Set down again, exactly and only, the lines from the one that contains "秋冬新款学院风格子拼色连帽拉链长袖针织开衫毛衣外套收腰" through the last line of the records below, both included, but not the pictures.
****
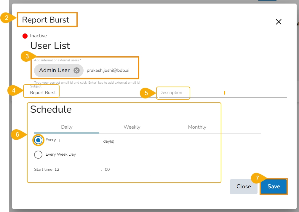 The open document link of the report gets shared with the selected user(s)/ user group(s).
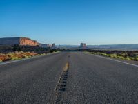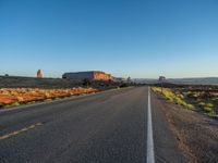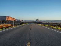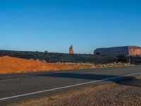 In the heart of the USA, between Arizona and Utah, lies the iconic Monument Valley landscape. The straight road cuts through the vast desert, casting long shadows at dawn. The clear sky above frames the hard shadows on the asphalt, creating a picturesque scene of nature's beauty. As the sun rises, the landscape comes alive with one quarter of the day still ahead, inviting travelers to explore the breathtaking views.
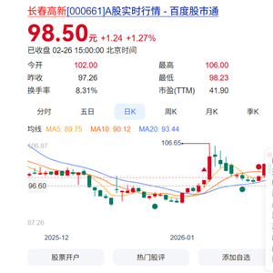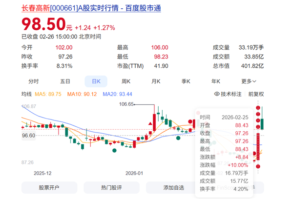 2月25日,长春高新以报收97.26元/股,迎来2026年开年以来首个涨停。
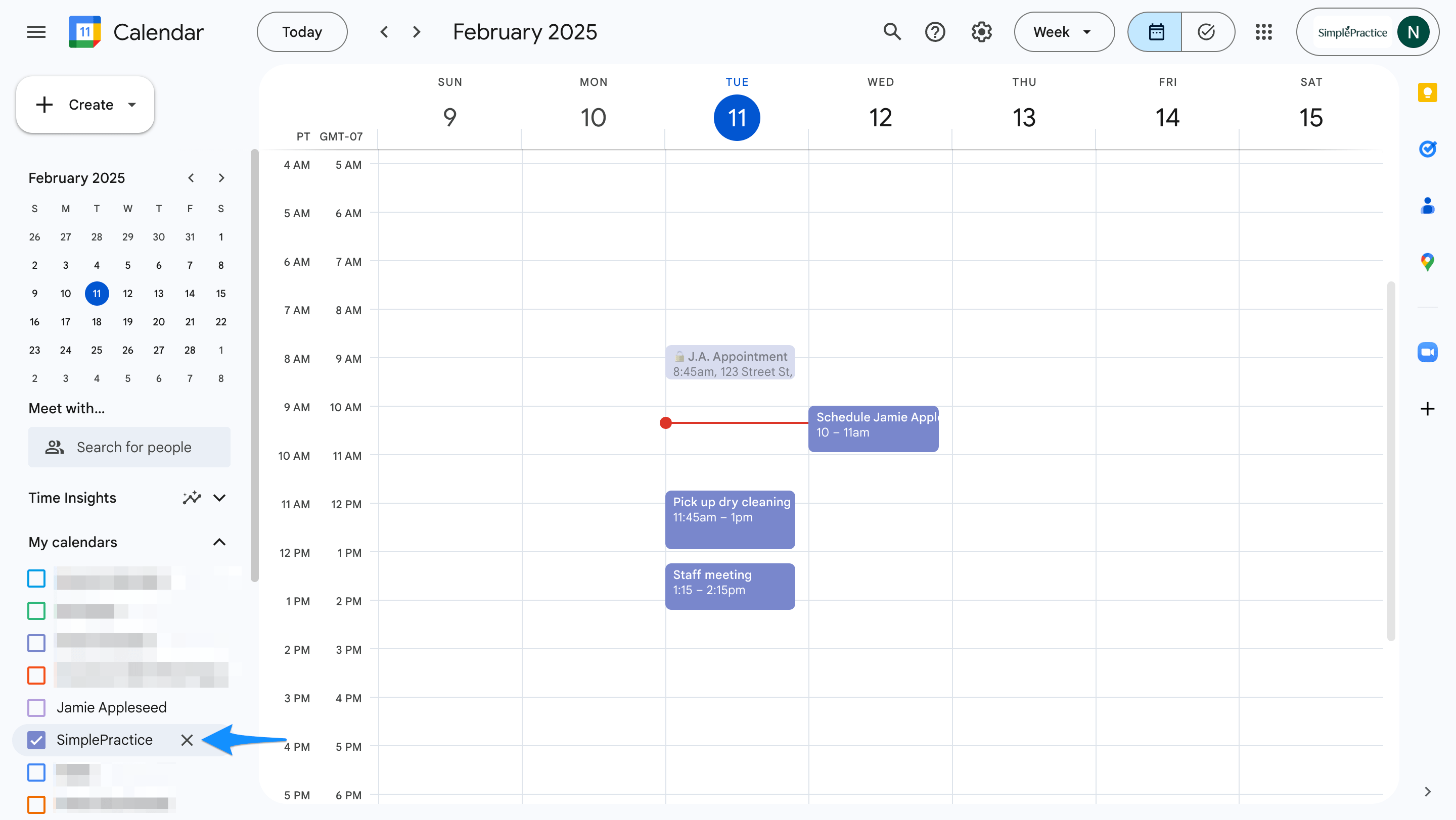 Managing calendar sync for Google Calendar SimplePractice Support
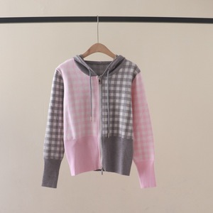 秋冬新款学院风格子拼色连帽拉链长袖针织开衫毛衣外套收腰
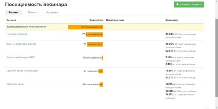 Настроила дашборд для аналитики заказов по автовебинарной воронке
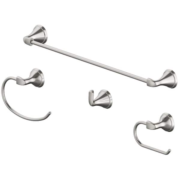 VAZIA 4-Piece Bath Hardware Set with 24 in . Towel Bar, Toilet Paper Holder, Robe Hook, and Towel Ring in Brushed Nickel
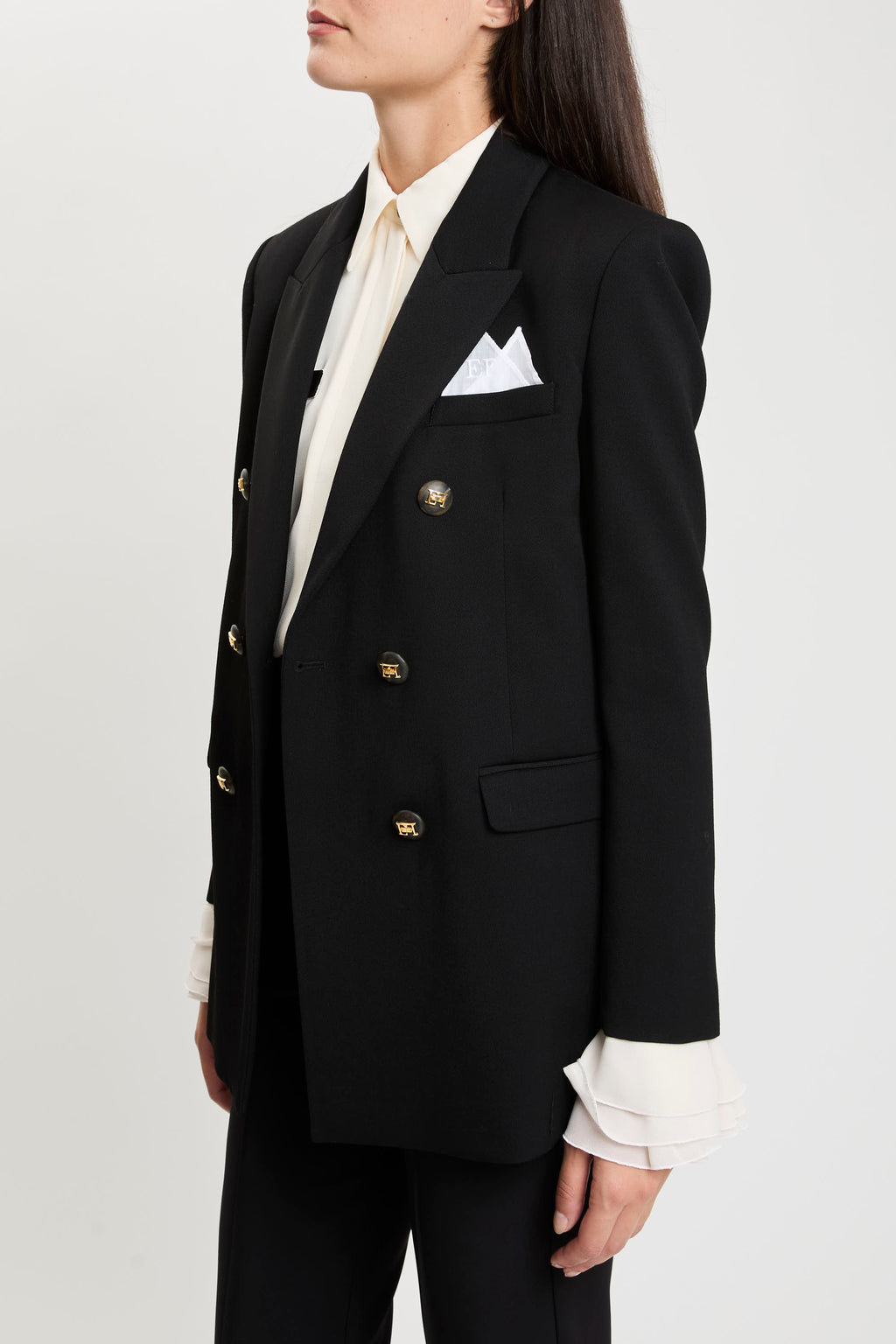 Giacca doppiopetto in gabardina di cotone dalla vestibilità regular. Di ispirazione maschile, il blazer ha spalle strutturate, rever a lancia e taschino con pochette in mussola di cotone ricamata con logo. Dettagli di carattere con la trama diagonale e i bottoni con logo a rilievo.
****
- Solution for this exercise:
 秋冬新款学院风格子拼色连帽拉链长袖针织开衫毛衣外套收腰
 Настроила дашборд для аналитики заказов по автовебинарной воронке
 VAZIA 4-Piece Bath Hardware Set with 24 in . Towel Bar, Toilet Paper Holder, Robe Hook, and Towel Ring in Brushed Nickel
 Giacca doppiopetto in gabardina di cotone dalla vestibilità regular. Di ispirazione maschile, il blazer ha spalle strutturate, rever a lancia e taschino con pochette in mussola di cotone ricamata con logo. Dettagli di carattere con la trama diagonale e i bottoni con logo a rilievo.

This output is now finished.